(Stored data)
[Start of Attachment]

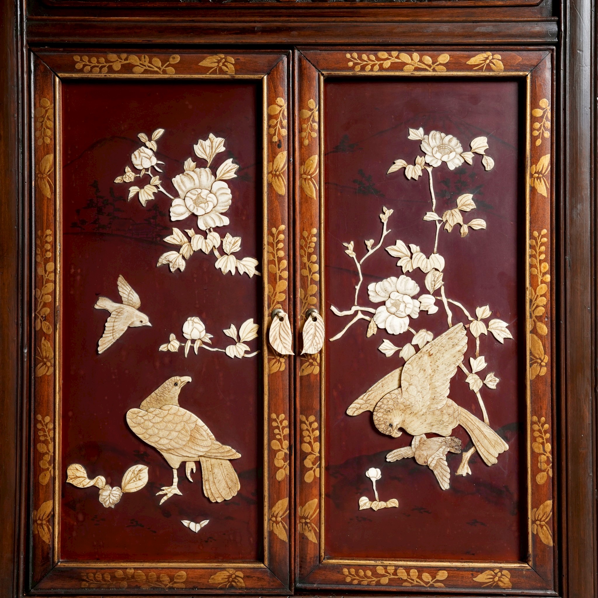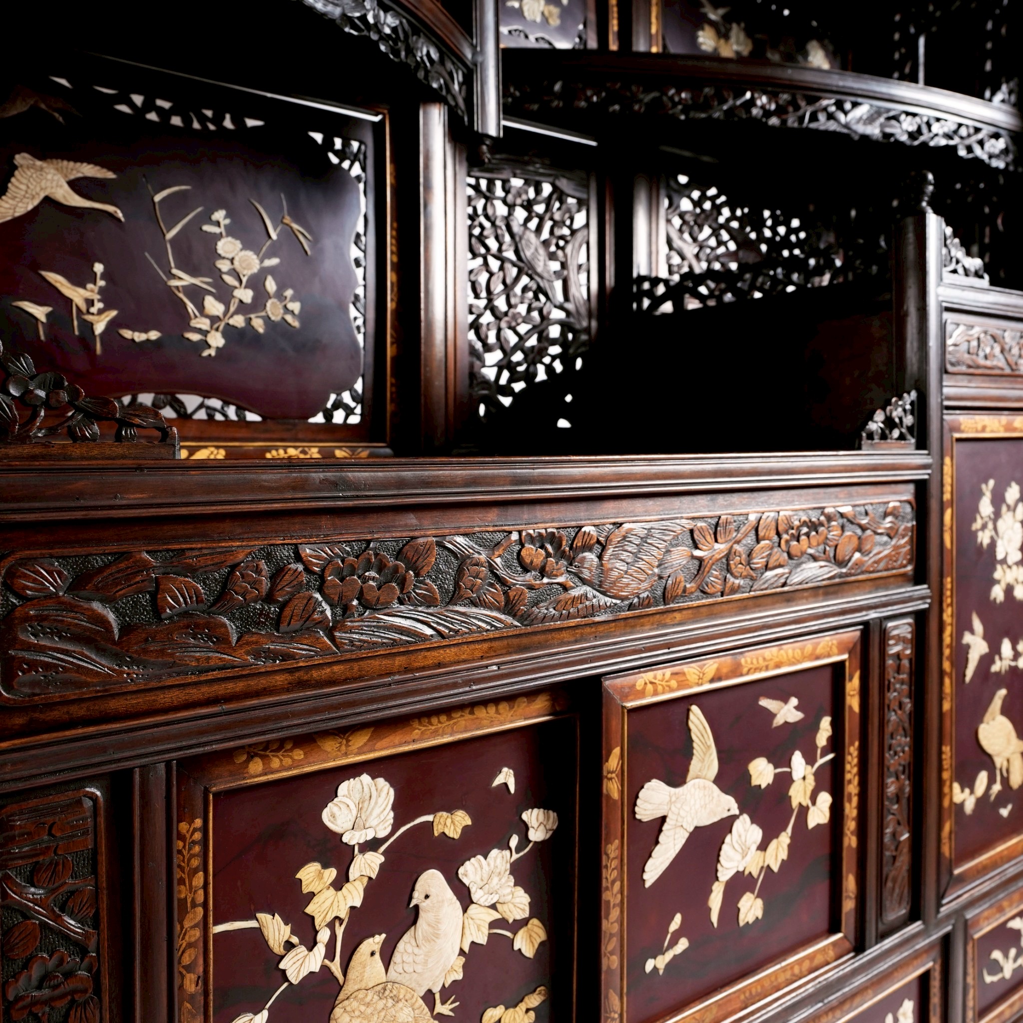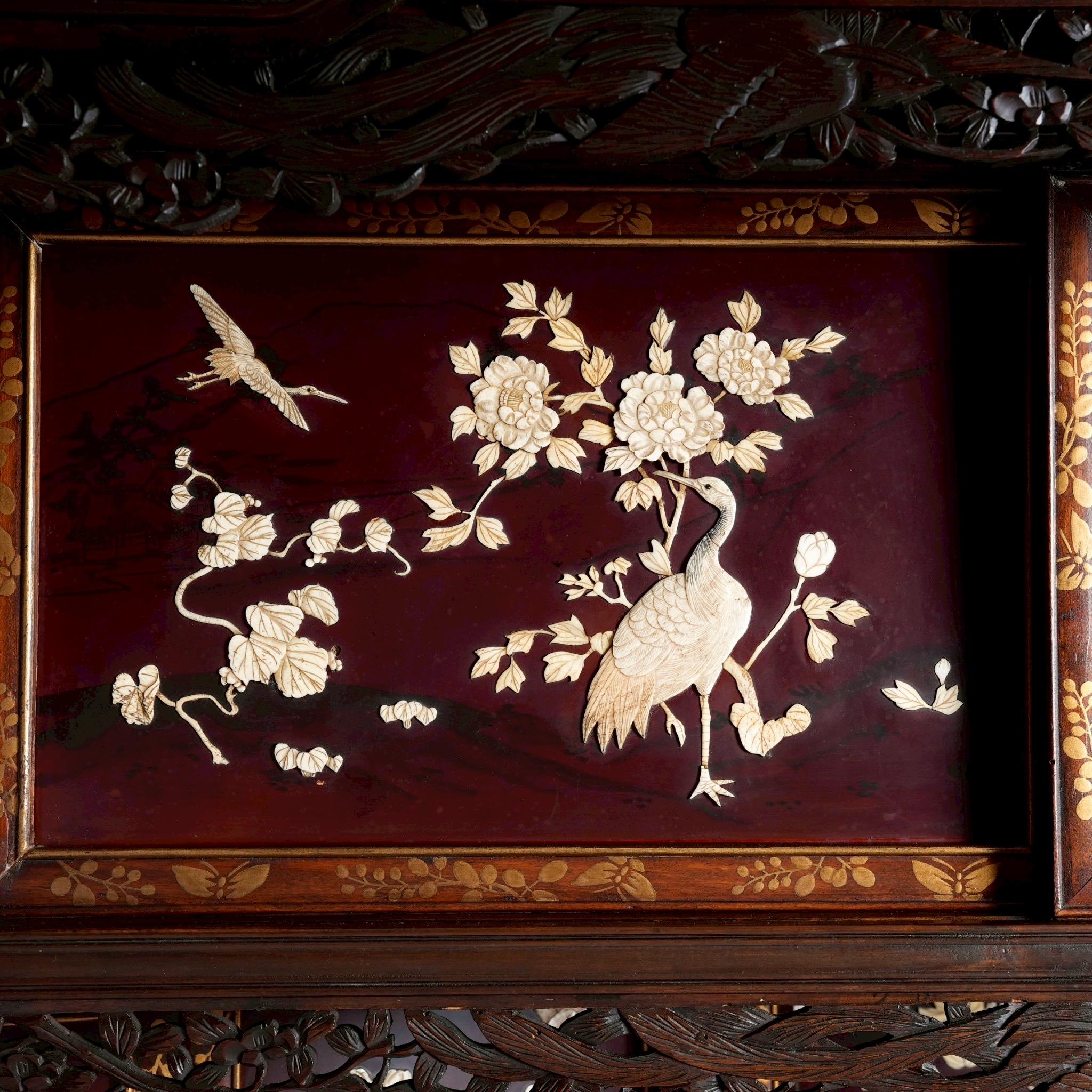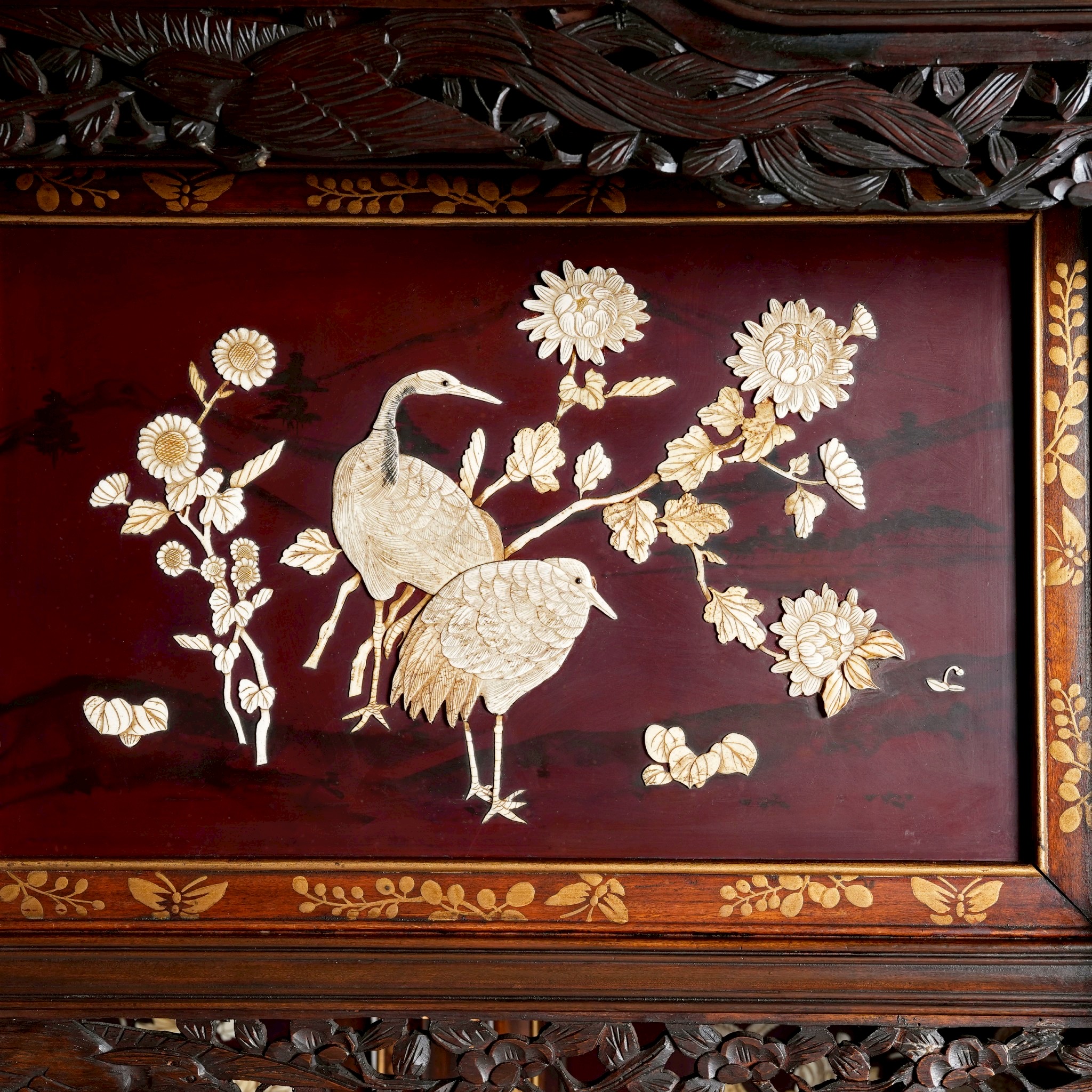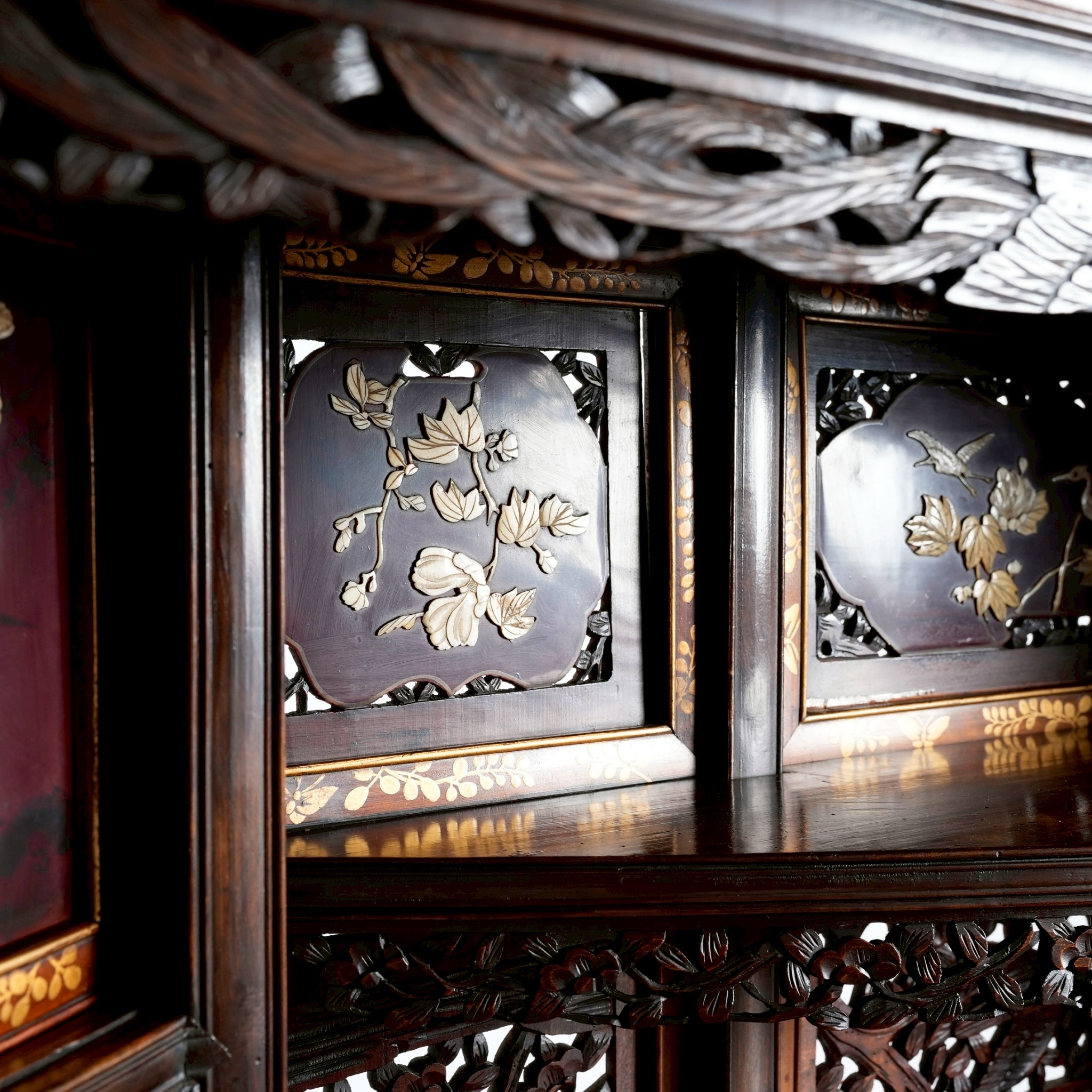 櫃體頂端巨大的圓雕鷹,明治時期鷹不僅象徵著武士階級的勇猛,更是當時歐美藏家最推崇的日本符號,象徵著「力量」與「遠見」。另外松、鶴、牡丹的組合代表「松鶴遐齡」與「富貴長青」。與一般的平貼螺鈿不同,櫃中圖樣花鳥畫工序繁複,是先將象牙雕刻成三維形狀後,再嵌入黑檀木中,形成極強的視覺對比。除了精緻的芝山細工裝飾面板,有些是帶有精細鏤空雕刻的背板。這些開放與封閉的區塊在左右分布上呈現奇數或交錯配置,而非傳統西式家具的對稱軸設計。每一片面板上的花鳥構圖都是獨立的,它們在主題上呼應,但在構圖上完全不同,創造出一種如自然景觀般的自然流動感。在日本審美中,完美的對稱往往被視為「靜止」且「缺乏生命力」的。這種不對稱設計是為了模仿自然的隨機美,並引導觀者的視線在櫃體上不斷移動,從而發現每一處隱藏的精緻細節。
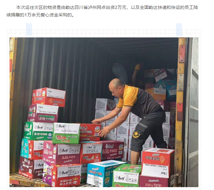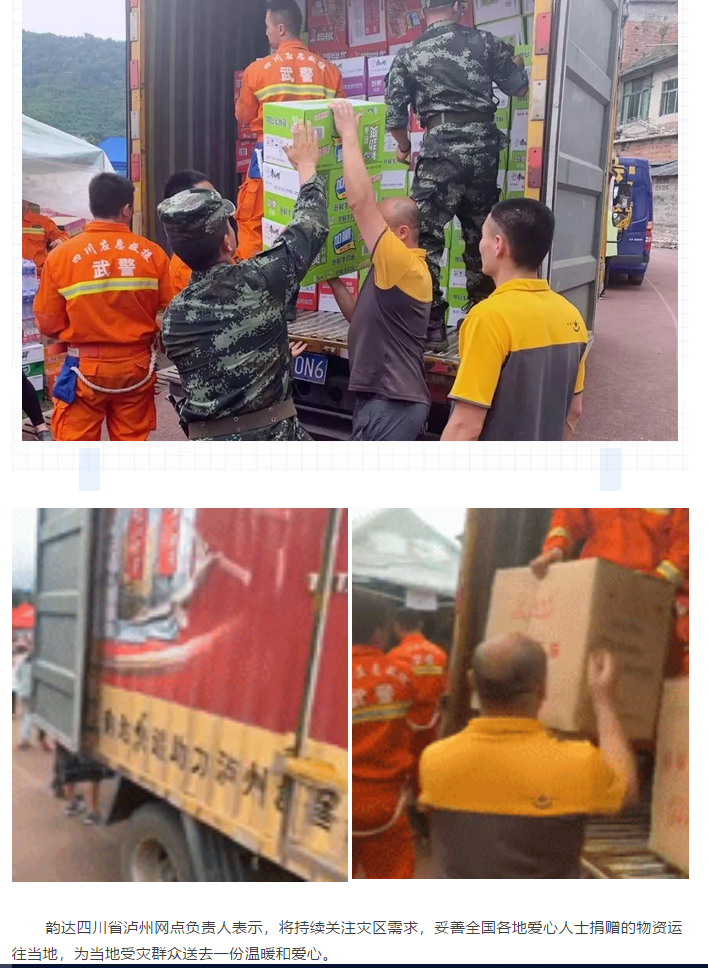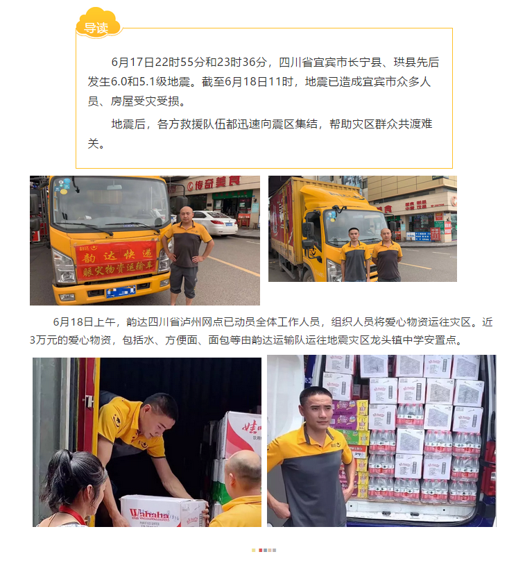 韵达四川省泸州网点参与宜宾抗震救灾行动
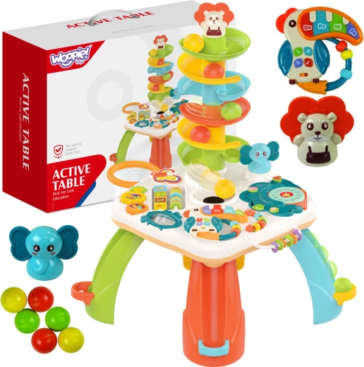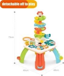 Το διαδραστικό τραπεζάκι για παιδιά συνδυάζει έναν εκπαιδευτικό πίνακα με αισθητηριακά στοιχεία και τσουλήθρα για μπαλάκια. Η πολύχρωμη και διασκεδαστική εμφάνιση προσελκύει τόσο αγόρια όσο και κορίτσια. Ο παιδικός σχεδιασμός του τραπεζιού ενώνει το παιχνίδι με τη μάθηση, βοηθώντας στην ανάπτυξη κινητικών και χειρωνακτικών δεξιοτήτων, στην ακρόαση και στην κατανόηση του κόσμου. Είναι το ιδανικό παιχνίδι για να διεγείρει την ανάπτυξη του παιδιού.
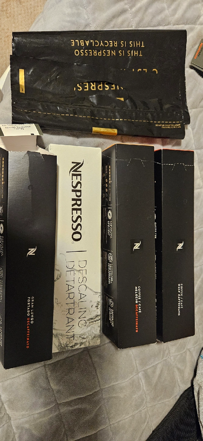 Selling a mix of Nespresso capsules, including Gran Lungo Fortado Decaffeinato, Coffee Melozio Decaffeinato, and Coffee Half Caffeinato. Also included is a Nespresso descaling solution. Perfect for keeping your machine in tip-top shape and enjoying a variety of coffee flavours!
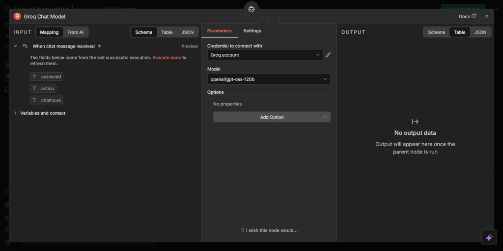Pour que l’agent d’IA soit pleinement fonctionnel, il est également nécessaire de configurer le LLM qui va le piloter. Ici, nous ferons le choix du bloc GroqCloud pour ses performances en termes de vitesse et son large choix de modèles de langage.
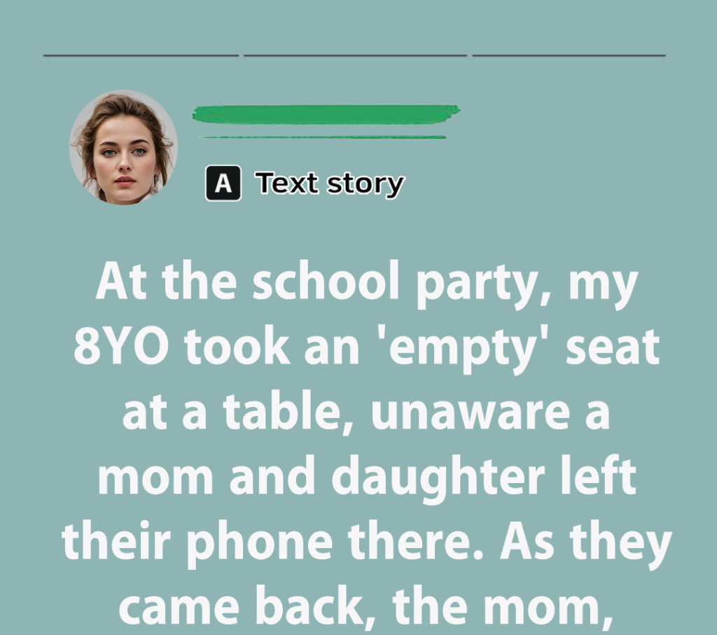 - At the school party, my 8-year-old took an “empty” seat at a table, unaware that a mom and daughter had left their phone there. As they came back, the mom, upset, started nagging, pointing at him.
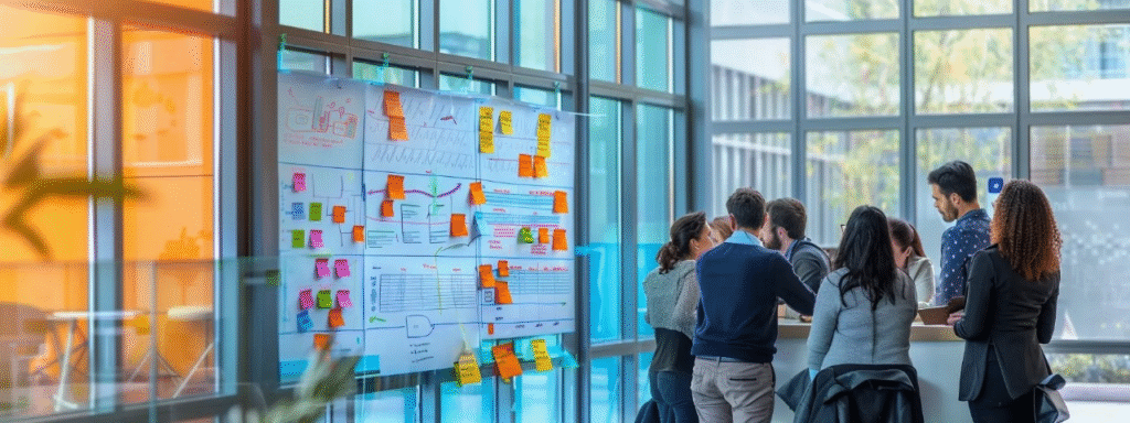 Alt text: Multiple employees are having a meeting and discussing the data they have pulled from customer segmentation software and placed onto a whiteboard
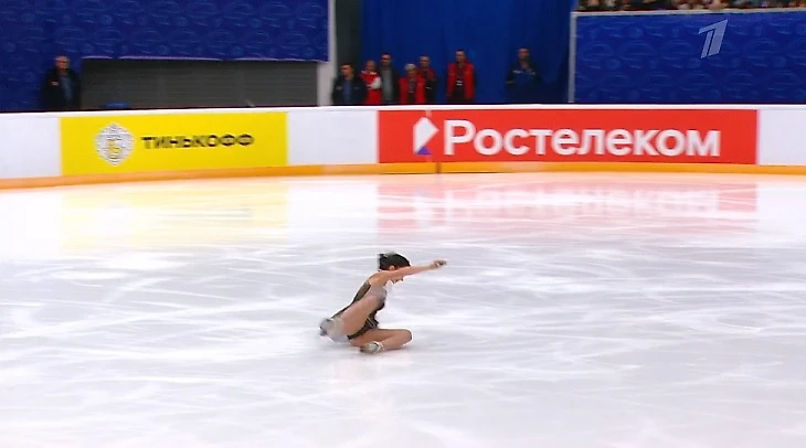 Софья Самоделкина начинает с падения с квад-риттбергера - выглядит страшновато.
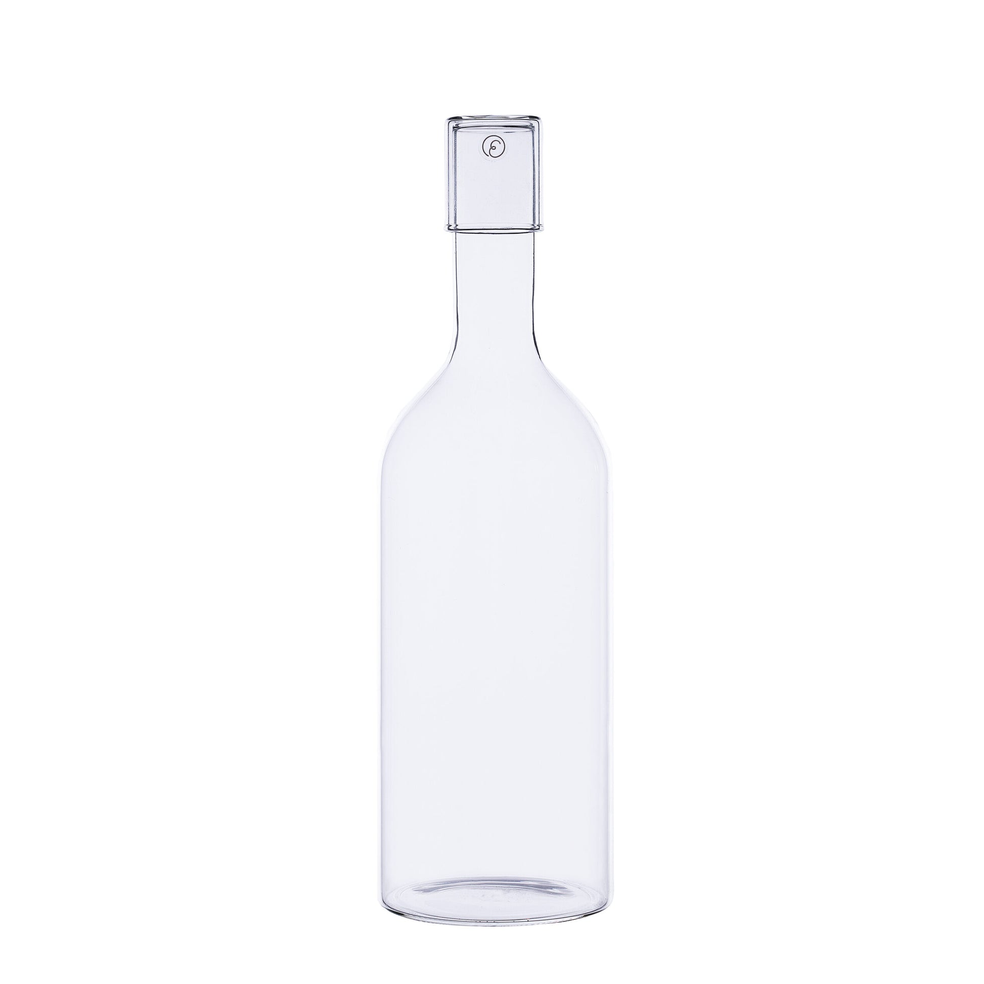 Bouteille avec bouchon en verre, simple, sans fioritures. À utiliser comme carafe ou comme soliflore.

[End of Attachment]

Work order:
Repeat exactly the lines from the one containing "Софья Самоделкина начинает" through the last line of the records above, both included, and leave out the pictures.

Exercise output:
 Софья Самоделкина начинает с падения с квад-риттбергера - выглядит страшновато.
 Bouteille avec bouchon en verre, simple, sans fioritures. À utiliser comme carafe ou comme soliflore.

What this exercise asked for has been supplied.